Felix
This Spanish drama starts in grizzly manner. The camera slowly reveals a double murder, involving a prostitute with links to the Chinese mob. Felix is film director Cesc Gay’s stab at big-budget TV and in the build up to its screening he has spoken about taking inspiration from Hitchcock’s back catalogue, especially the James Stewart era of suspense, thrills and murk. Felix doesn’t quite reach those heady heights but as Leonardo Sbaraglia in the lead role does manage to encapsulate the same fish-out-of-water feel that Stewart brought to Hitchcock’s best thrillers. Shot on location in Andorra, the setting is breathtaking and there’s a healthy dollop of humour amid the gruesome corpses. ITV is dealing with the international rights, but as of yet there’s no UK deal in place.

Mother
This South Korean take on the missing child drama lacked any of the real punch needed to make it stand out. An ornithologist (Kang Su Jin) turns to teaching after her research project is mothballed and finds herself in a class with kids who relentlessly bully each other, make jokes about poo and even managed to poison the school’s pet duck. The real villains here aren’t the kids, however. It’s the guardians of Kim Hye Na, the class’s most bullied child, who is physically and mentally abused by her mother’s gamer boyfriend. Ms Kang is then forced to choose: it’s her birds or the children, as she’s given a way back to ornithology. Unlike Broadchurch – or even Stranger Things – there’s never any real shocks or twists to speak of as things unfold in pretty much the exact manner you might expect.
Killing Eve

Phoebe Waller-Bridge thriller for BBC America didn’t win any of the big prizes, but is clearly something special. An assassin is running around Europe offing targets with clinical accuracy and, it has to be said, incredible style. Jodie Comer plays the killer, while Sandra Oh is the bumbling but brilliant MI5 agent tasked with finding out who she is and stopping her before she kills another mark. It’s got Waller-Bridge’s trademark humour, mixed with classy production and locations that make it feel like The Night Manager or McMafia, except with a bit more self-awareness and a bit less of an obsession with being like James Bond. Bravura stuff.
When Heroes Fly
This Israeli drama took home the big prize from the inaugural Canneseries. Following in the footsteps of Fauda (Netflix), the action centres on a platoon of Israeli army reservists who stumble upon an IDF tank stranded in enemy territory.
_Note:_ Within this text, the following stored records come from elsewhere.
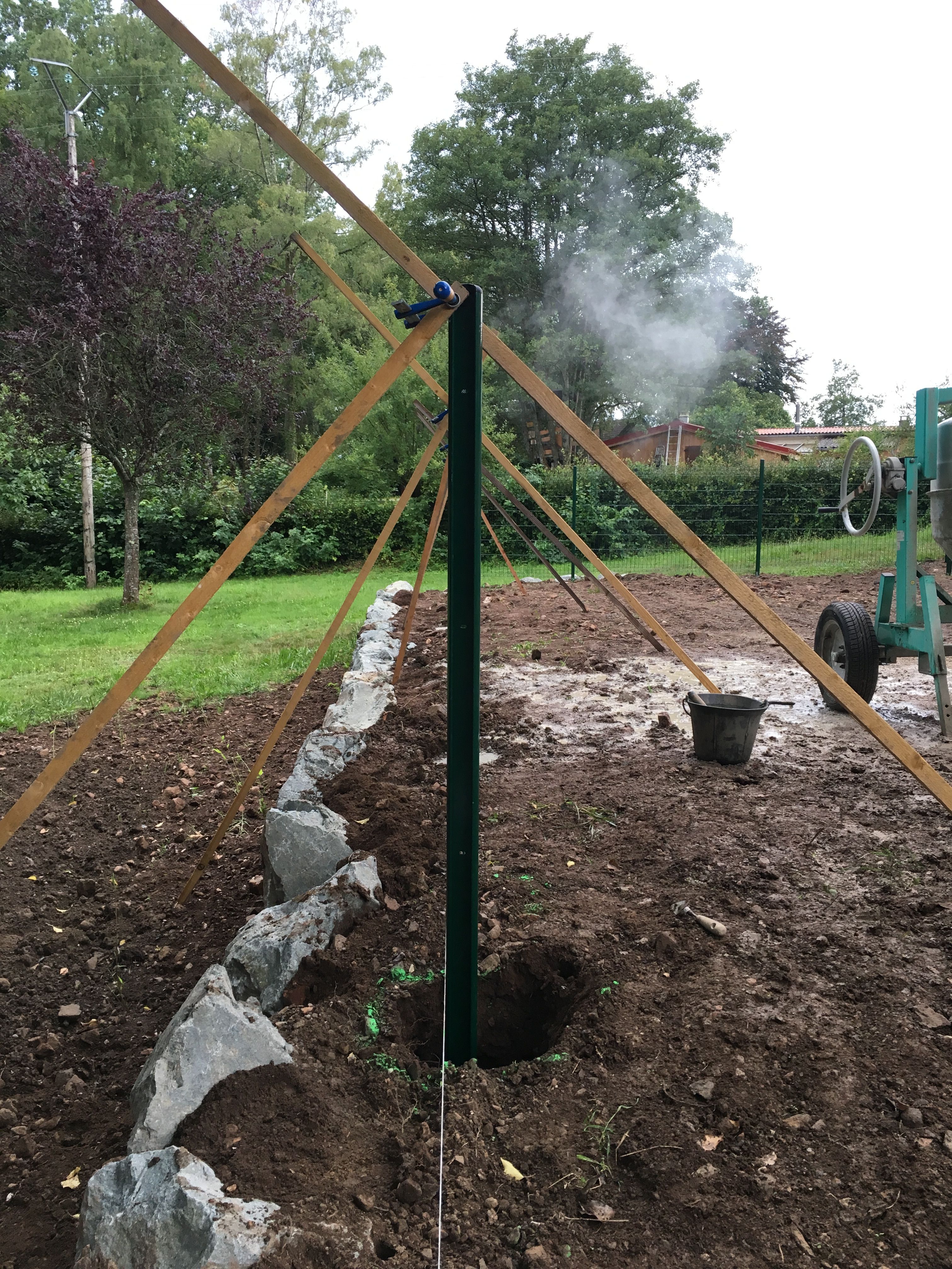 Pour réaliser ces travaux dans les meilleures conditions, différents équipements sont utilisés : tarière thermique ou mécanique pour les trous de poteaux, niveau laser ou niveau à bulle pour l’alignement, bétonnière, outils de fixation et matériel de coupe. Cette précision de mise en œuvre garantit une clôture parfaitement droite, solide et durable.
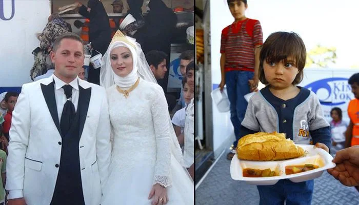 they turned their savings into thousands of warm meals for nearly 4,000 Syrian refugees living near the border. Dressed in wedding clothes, they personally served food with gentle smiles and open hearts.
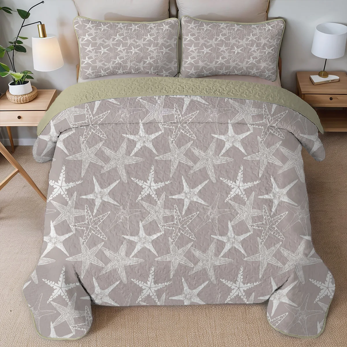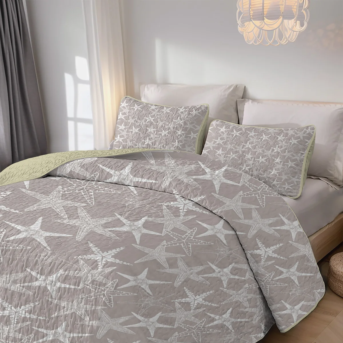 2/3-Pcs Chic Stars Printed Quilt Set, Cal King, Durable, Breathable, Unique Summer Bedding Set, 1 Quilt, 1/2 Pillowcase

It contains vital intelligence that, if it fell into the hands of Hezbollah, would be terrible for the Israeli forces. After they intervene and things go pear-shaped, we fast forward to years after the event where the remaining platoon members are trying to put the pieces back together. The soldiers become fragmented and disillusioned as some of them are blamed for the incidents while others can’t forgive betrayals. Somewhere between Homeland, True Detective and Naked and The Dead, it’s gripping, if far from original stuff, and unlike anything else in the competition.

Lykkeland
The elevator pitch for this might go something like: “It’s the Norwegian Mad Men, but set in the North Sea oil fields.” Oil Men, anyone? Set in the coastal town of Stavanger during the oil boom of the 70s, the God-fearing folk of northern Norway are pitted against the bolo tie-wearing hordes from Texas and Oklahoma who descend on the town to try to tap its seemingly dry wells. It’s got a lot of the prestige TV tropes: period setting, period costumes, period cars and lots of drinking, but feels a bit too close to Mad Men at times, especially the pregnancy storyline that mirrors Peggy Olson’s tale almost beat for beat. The tensions between the Americans and the Norwegians provide a nice constant source of drama, and there’s even a bit of anti-free-market subtext as the characters discuss, at some length, the pros and cons of the Scandinavian economic system compared to the US one.

The Hunter
Il Cacciatore (The Hunter in English) is another Italian-produced mob drama. Like Maltese, the action is set in Sicily in the 90s, when the justice system began the difficult process of untying itself from the Mafia which had infiltrated its ranks. Here, the hunter refers to Saverio Barone, a young prosecutor who shopped his own boss for corruption before going on to become one of the most successful anti-Mafia figures of the 90s. Lead actor Francesco Montanari took home the big acting prize from Canneseries and the show itself has been bought by Amazon. Definitely one to seek out for fans of Maltese and Walter Presents’ stylish foreign fare.
The Typist
Definitely one of the stranger entrants in the inaugural competition, this German thriller sounds incredible on paper. A typist who transcribes police interviews takes matters into her own hands when a seemingly guilty man manages to get off on a technicality. It’s a bit like a straight version of John Waters’ 90s comedy Serial Mom. As things escalate, it’s hard to buy into the violence and anger being doled out by someone who was meticulously transcribing interviews a few scenes before, even if she is motivated by the mysterious death of her own daughter. But if you can put that to one side, it’s bizarrely thrilling and hugely mundane at the same time.